TabReX : Tabular Referenceless eXplainable Evaluation
This addresses the challenge of trustworthy, explainable evaluation for structured generation systems, particularly in tabular data, by providing a novel, human-aligned metric that generalizes across domains without fixed references.
The authors tackled the problem of evaluating tables generated by large language models by proposing TabReX, a reference-less framework that uses graph-based reasoning to assess structural and factual fidelity, achieving the highest correlation with expert rankings and enabling fine-grained analysis.

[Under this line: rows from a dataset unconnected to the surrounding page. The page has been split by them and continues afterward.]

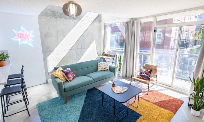 2 Storey Creative Downtown West Loft is a recently renovated apartment in the center of Toronto, 1.8 miles from Sunnyside Beach and a 16-minute walk. The air-conditioned accommodation is 1.5 miles from Hanlan's Point Beach, and guests can benefit from private parking available on site and free Wifi. The accommodation offers an elevator and full-day security for guests. Offering a balcony and garden views, the spacious apartment includes 2 bedrooms, a living room, flat-screen TV, an equipped kitchen, and 2 bathrooms with a bath and a shower. Towels and bed linen are offered in the apartment. The accommodation is non-smoking. Exhibition Place is 1.3 miles from the apartment, while Budweiser Stage is a 19-minute walk from the property. The nearest airport is Billy Bishop Toronto City Airport, 1.9 miles from 2 Storey Creative Downtown West Loft.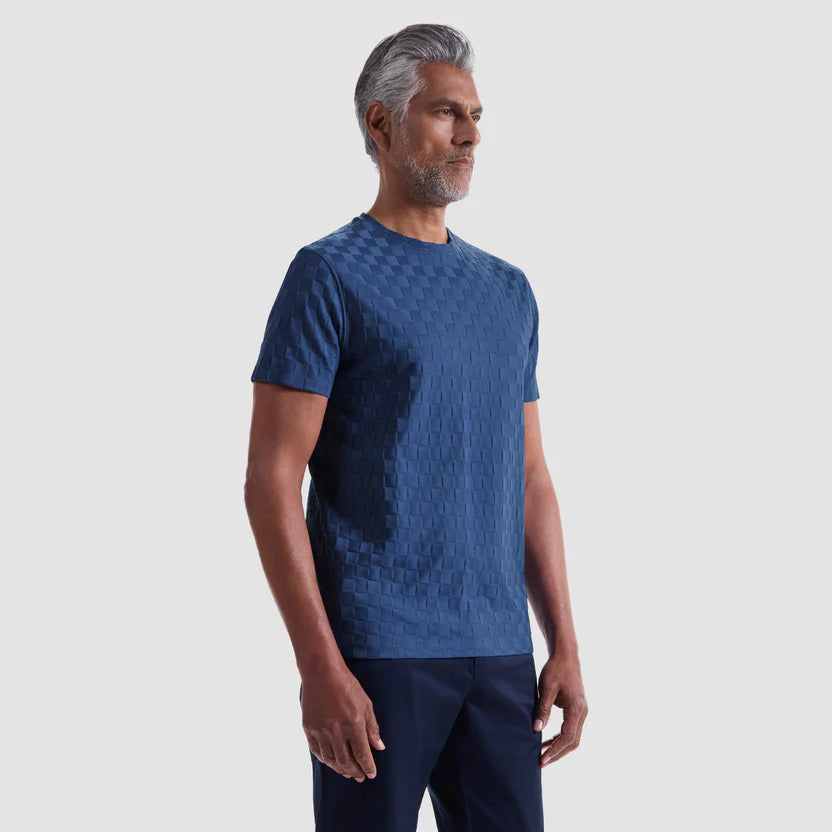 Crafted from 100% premium cotton, this short-sleeve T-shirt features an all-over tonal checkerboard knit for a refined take on casual wear. Lightweight, breathable, and ultra-soft, it's finished with a classic crewneck and clean hems, offering elevated texture in a comfortable everyday silhouette.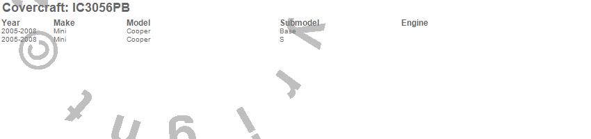 Below is an abbreviated list of applications for the Custom Convertible Interior Cover.Cooper, Mini, 2008, 2007, 2006, 2005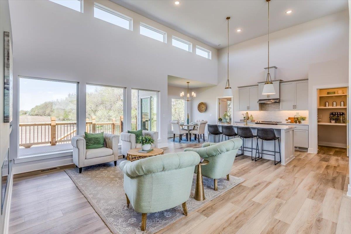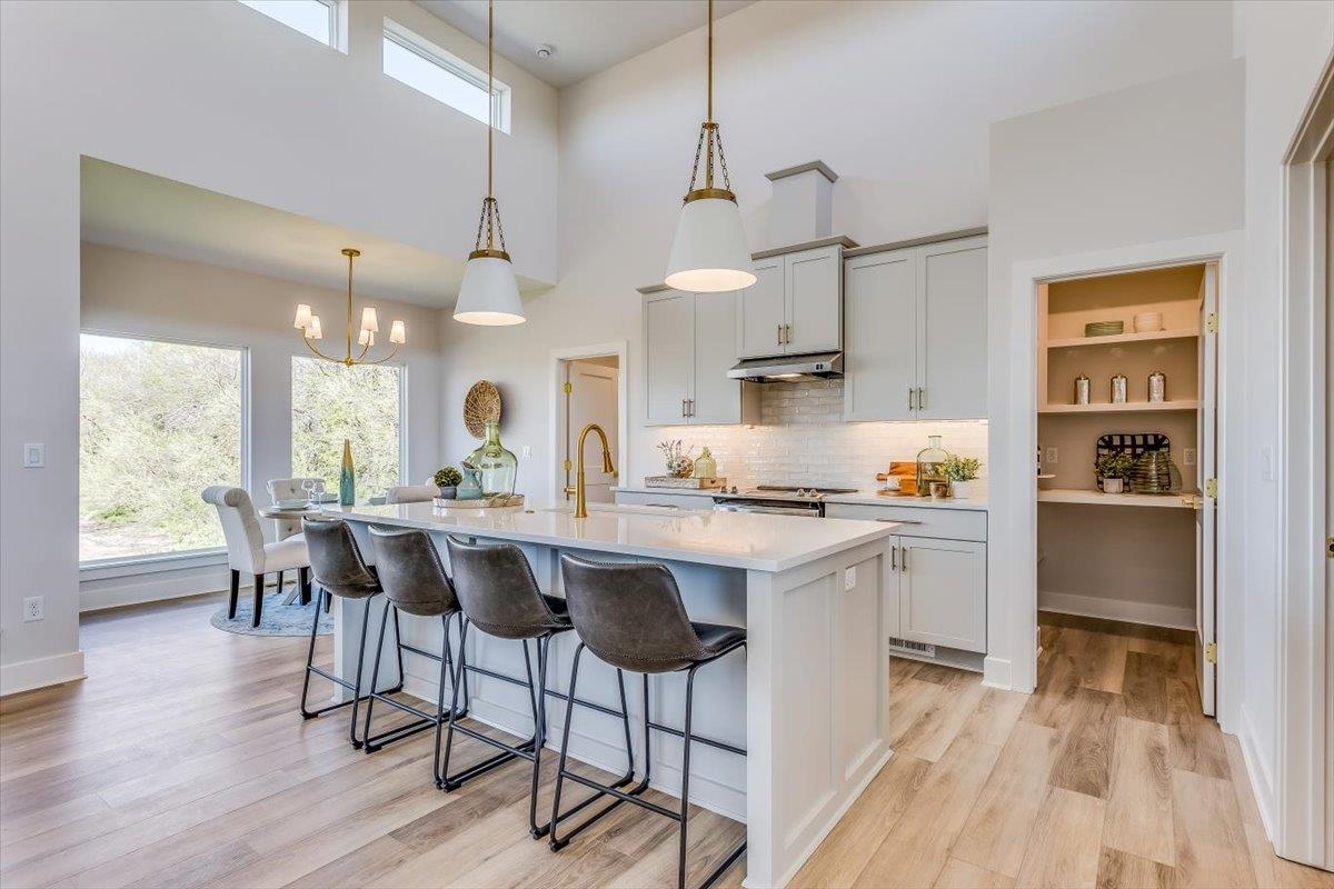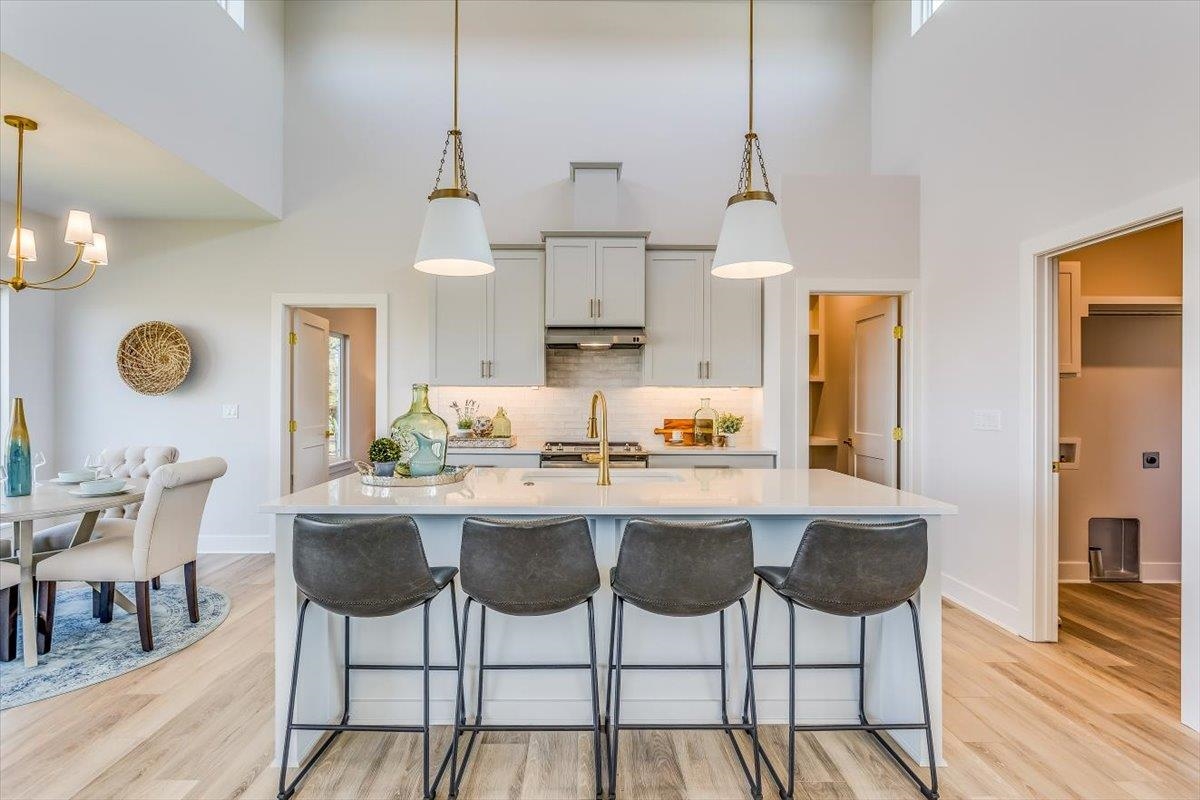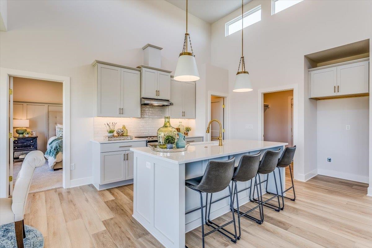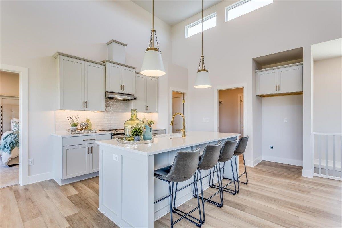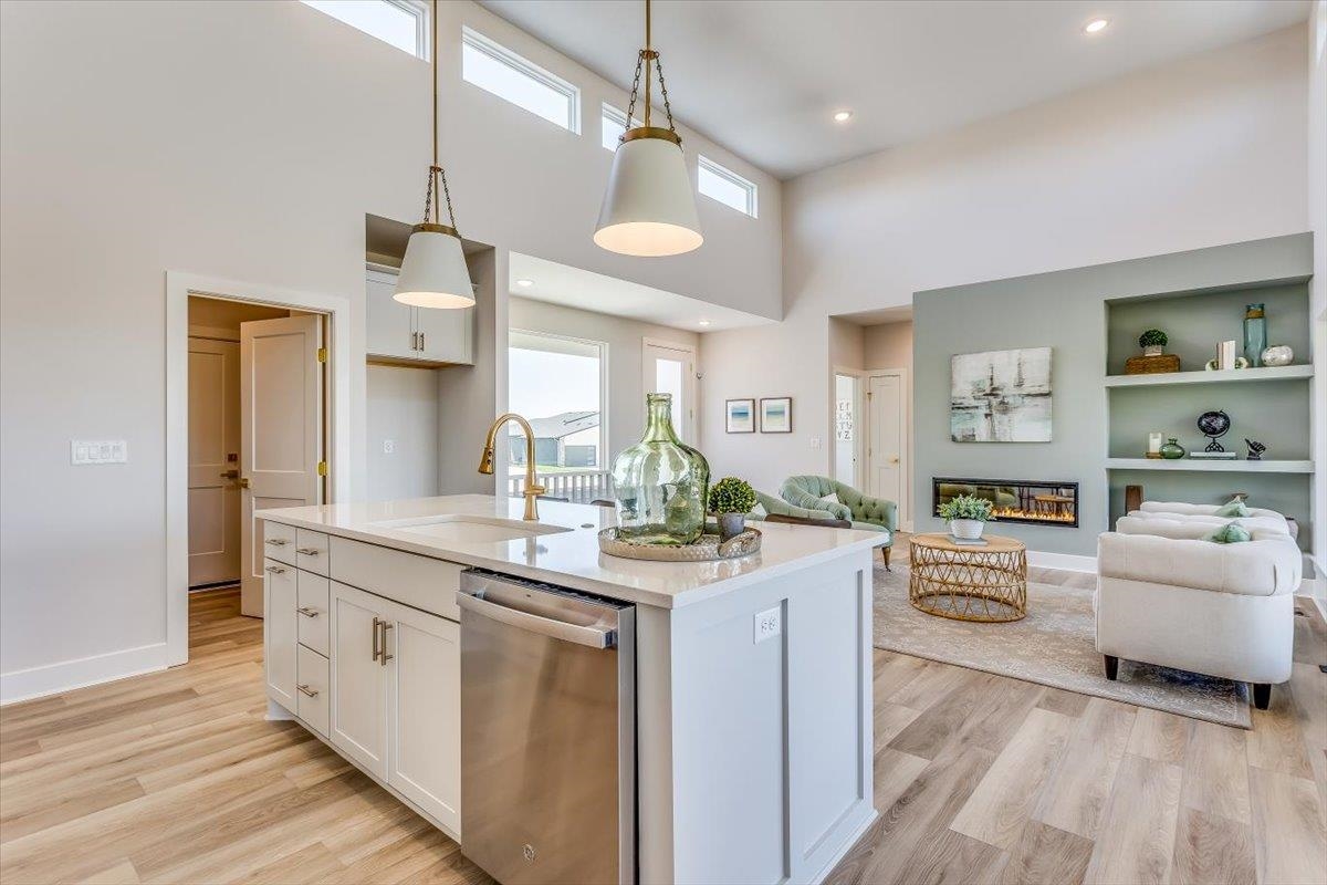 - Description: Ultra Modern Cambridge plan by Paul Gray Homes. Functional and practical split bedroom home. 5 bedroom, 3 bath 3 car garage with open kitchen, living dining combo and 14 foot ceilings with high transom windows! Kitchen Island overlooks dining and living space with plenty of space to entertain. Kitchen features a walk-in pantry with plenty of storage and space to move around while cooking. Living room features access to covered deck overlooking back yard. Both kids rooms are on the other side of home. Master bedroom overlooks wooded back yard. Master bath has large shower with his and her vanities with nice size walk-in closet and custom walk in tile shower. Basement is finished with family room, bathroom and 2 more bedrooms Custom landscaping and sprinklers are included! Home is new construction and taxes have not been levied yet, you must call county to get accurate property tax info. All information deemed reliable, but not guaranteed. Show all description

Evaluating the quality of tables generated by large language models (LLMs) remains an open challenge: existing metrics either flatten tables into text, ignoring structure, or rely on fixed references that limit generalization. We present TabReX, a reference-less, property-driven framework for evaluating tabular generation via graph-based reasoning. TabReX converts both source text and generated tables into canonical knowledge graphs, aligns them through an LLM-guided matching process, and computes interpretable, rubric-aware scores that quantify structural and factual fidelity. The resulting metric provides controllable trade-offs between sensitivity and specificity, yielding human-aligned judgments and cell-level error traces. To systematically asses metric robustness, we introduce TabReX-Bench, a large-scale benchmark spanning six domains and twelve planner-driven perturbation types across three difficulty tiers. Empirical results show that TabReX achieves the highest correlation with expert rankings, remains stable under harder perturbations, and enables fine-grained model-vs-prompt analysis establishing a new paradigm for trustworthy, explainable evaluation of structured generation systems.